Posted by: Pat | Nov 5 2005 21:53 utc | 40

I was going to mention, Outraged, in my response to Lonesome G’s post, that the ‘action’ is really, and not surprisingly, among the retired rather than among the actively serving.

Posted by: Pat | Nov 5 2005 22:01 utc | 41

@Pat
Not surprisingly, the actively serving, military and otherwise must carefully weigh the consequences of even the most limited /action’ …

Posted by: Outraged | Nov 5 2005 22:10 utc | 42

Not even in the workaday pre-occupations of at least some who work at the Pentagon, Pat? That’s a whole lot of people thinking all alike that you’re proposing….I can scarce credit it, ma’am!

Posted by: alabama | Nov 5 2005 22:12 utc | 43

Outch! this has got to sting…
FBI: Financial Gain Drove Uranium Forgery
but for who???

Posted by: Uncle $cam | Nov 5 2005 22:45 utc | 44

Twas a generalization, alabama. And I am speaking of servicemembers there, not political appointees. (One servicemember’s goose is pretty well cooked, however.)
Outraged, I meant political action. Unsurprisingly, the retired take this up in numbers, and at a level of visibility, that the active do not.

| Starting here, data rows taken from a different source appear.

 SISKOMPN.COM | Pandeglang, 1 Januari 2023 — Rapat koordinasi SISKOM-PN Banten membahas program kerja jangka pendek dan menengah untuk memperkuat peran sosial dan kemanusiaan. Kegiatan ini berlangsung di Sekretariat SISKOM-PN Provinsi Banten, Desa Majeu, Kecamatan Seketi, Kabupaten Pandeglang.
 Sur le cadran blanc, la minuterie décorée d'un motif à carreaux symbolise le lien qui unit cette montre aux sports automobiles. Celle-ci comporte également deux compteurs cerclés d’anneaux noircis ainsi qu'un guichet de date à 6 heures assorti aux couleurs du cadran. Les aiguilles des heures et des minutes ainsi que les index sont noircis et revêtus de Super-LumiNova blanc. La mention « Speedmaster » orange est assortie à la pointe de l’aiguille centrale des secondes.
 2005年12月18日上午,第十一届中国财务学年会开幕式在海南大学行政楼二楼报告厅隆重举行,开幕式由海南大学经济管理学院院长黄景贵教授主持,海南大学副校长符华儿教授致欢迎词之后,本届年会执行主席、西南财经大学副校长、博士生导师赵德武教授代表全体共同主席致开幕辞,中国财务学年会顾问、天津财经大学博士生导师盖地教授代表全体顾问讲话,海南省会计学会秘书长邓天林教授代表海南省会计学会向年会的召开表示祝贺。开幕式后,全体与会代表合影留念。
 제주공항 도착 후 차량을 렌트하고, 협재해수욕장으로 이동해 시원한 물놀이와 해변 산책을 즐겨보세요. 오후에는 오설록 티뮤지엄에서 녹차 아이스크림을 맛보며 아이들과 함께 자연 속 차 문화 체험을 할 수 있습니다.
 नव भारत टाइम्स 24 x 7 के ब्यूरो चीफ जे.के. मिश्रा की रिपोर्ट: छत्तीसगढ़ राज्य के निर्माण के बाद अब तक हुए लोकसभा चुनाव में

Posted by: Pat | Nov 5 2005 23:07 utc | 45

@Pat, speaking of coups, do you know anything about who was behind the last one, that goes by the Misnomer of “watergate”? It’s amazing they pulled that one off completely while remaining hidden behind 2 “cub reporters”, one of whom was from ONI basically. At least this time the players are pretty obvious.

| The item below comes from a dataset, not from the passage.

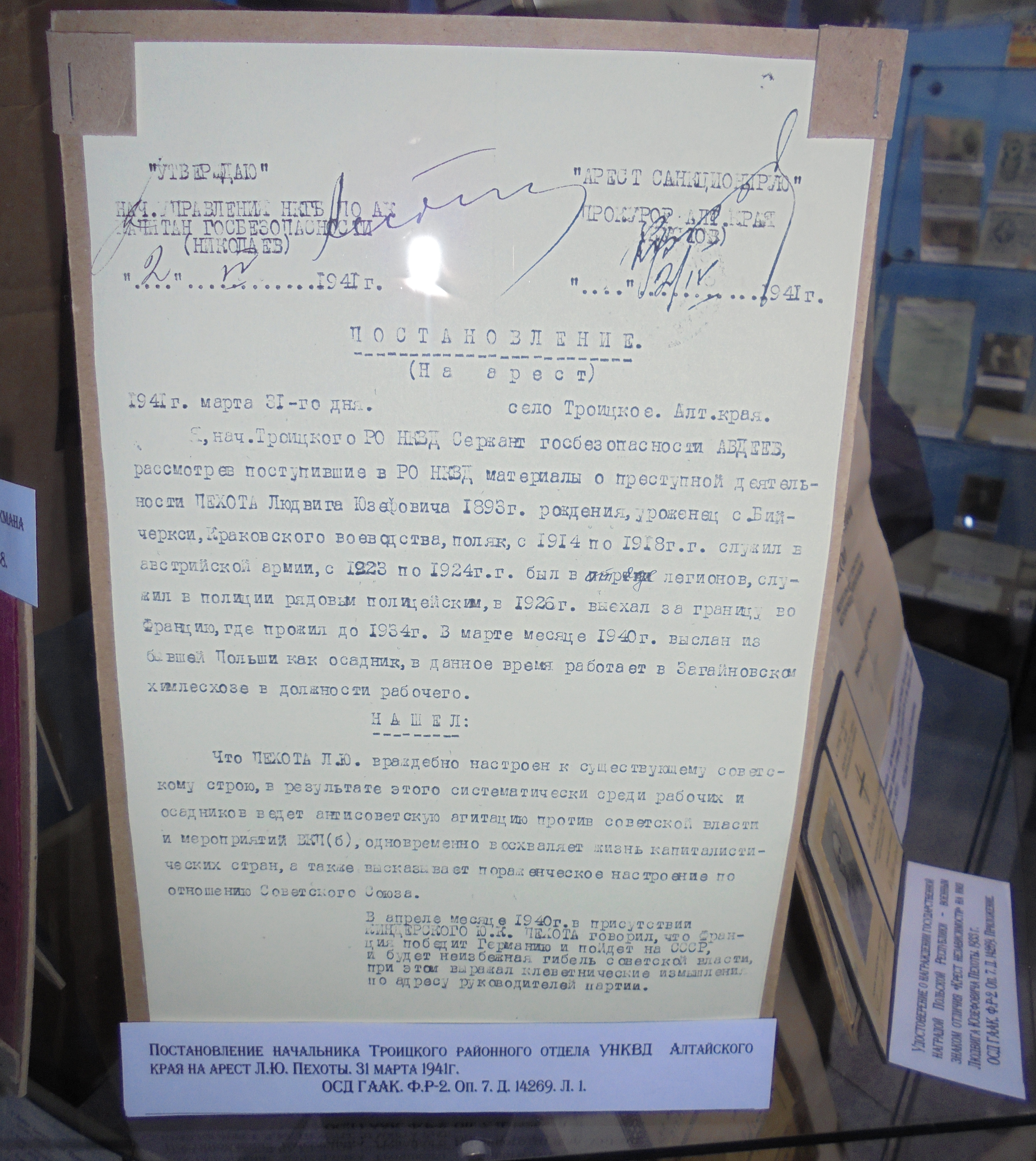 В государственном архиве Алтайского края работает выставка "В ходе следствия обнаружены…". Представленные здесь документы –свидетельства тех испытаний, которые выпали на долю репрессированных и сосланных в Сибирь поляков. Рабочий Людвиг Пехота был арестован 31 марта 1941 года Троицким районным отделом НКВД и сослан в Сибирь. Работал вздымщиком – добывал смолу хвойных деревьев в местном лесхозе.
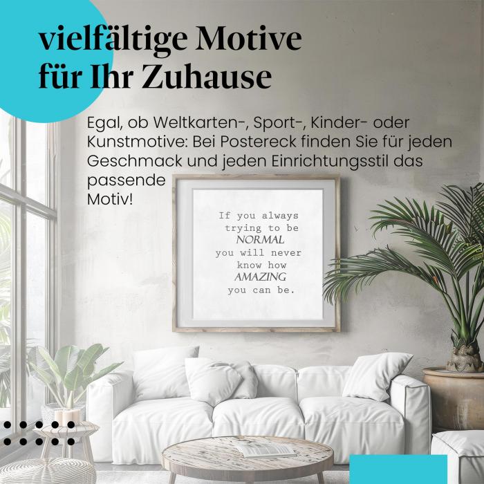 Inspirierendes Zitat auf weißem Hintergrund: "Wenn du immer versuchst, normal zu sein, wirst du nie erfahren, wie großartig du sein kannst."

Posted by: jj | Nov 5 2005 23:13 utc | 46

Another film doc available on the internet: Why We Fight–bbc 4 thing by jerecki, featuring chalmers johnson.

Posted by: slothrop | Nov 5 2005 23:16 utc | 47

@Slothrop
Looks interesting, thanks for the ‘Heads Up’.

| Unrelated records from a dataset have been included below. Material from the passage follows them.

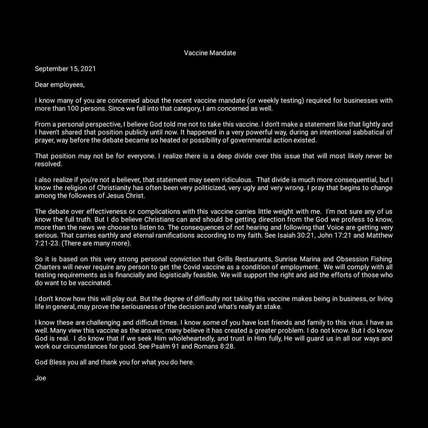 Florida now has the third-highest number of deaths from Covid-19 in the USA, but that hasn't stopped people from continued to battle vaccine mandates. As with most conservatives, a bar owner has claimed religion as an exemption to getting vaxxed, but with a twist. Joe Penovich told his employees that he wouldn't be complying with the federal vaccine mandate for businesses, because "God told me not to take this vaccine."
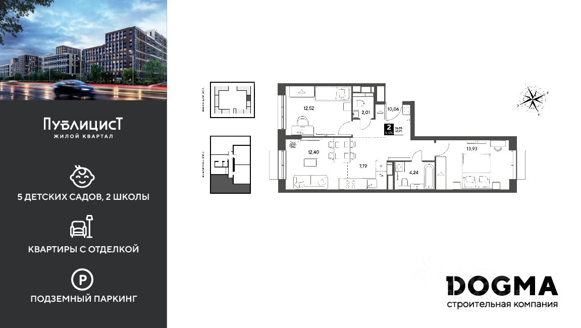 Корпус 7. Срок сдачи: 2 кв. 2028, общей площадью 62.88 кв.м., на 6 этаже.
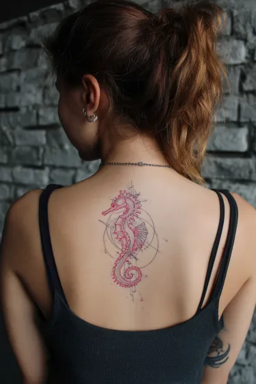 This tattoo features a delicate seahorse positioned vertically along the spine, drawn in soft red and pink tones that make it stand out beautifully against the skin. Fine line geometric circles surround the seahorse, giving the design a modern and balanced look. The detailed scales and curled tail add a touch of realism, while the lightness of the linework keeps the tattoo elegant and feminine.
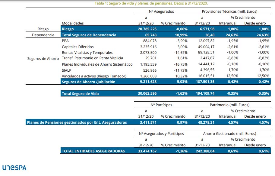 derivados de una caída de los de Ahorro de algo más del 5%. Por su parte, los Planes de Pensiones que gestionan aseguradoras cuentan con 3,4 millones de asegurados y un crecimiento de cerca del 1% respecto a 2019.

The very impressive documentary “Why we fight” by Eugene Jarecki. Absolutely the most brilliant film about America’s militairism i’ve ever seen. In january, this new film won the Grand Jury Prize at the 2005 Sundance Film Festival.
“Why we fight” orginally is the title of an American series of World War II propaganda movies.
In this 100 minutes long 2005 documentary, a very good picture is digested about the development of the American militairy -industrial complex since WW II. It sketches the increasing danger from this power structure to world peace and freedom. Even an American president already warned for a doom scenario in 1961 at his farewellspeech: Eisenhower. The Bush regime is put in perspective very well. After you have seen this film, it is farely impossible to have a bit of confidence left in Bush & co. And you will realize that it is very obvious that Iraq is not the last country wich is going to be invaded by the U.S.

Posted by: Outraged | Nov 5 2005 23:28 utc | 48

It’s certainly hard to believe any president or senator for that matter would dare make a ‘military-industrial complex’-type speech these days.
Also new to me is the claim of ike’s son his father would not have dropped the bomb.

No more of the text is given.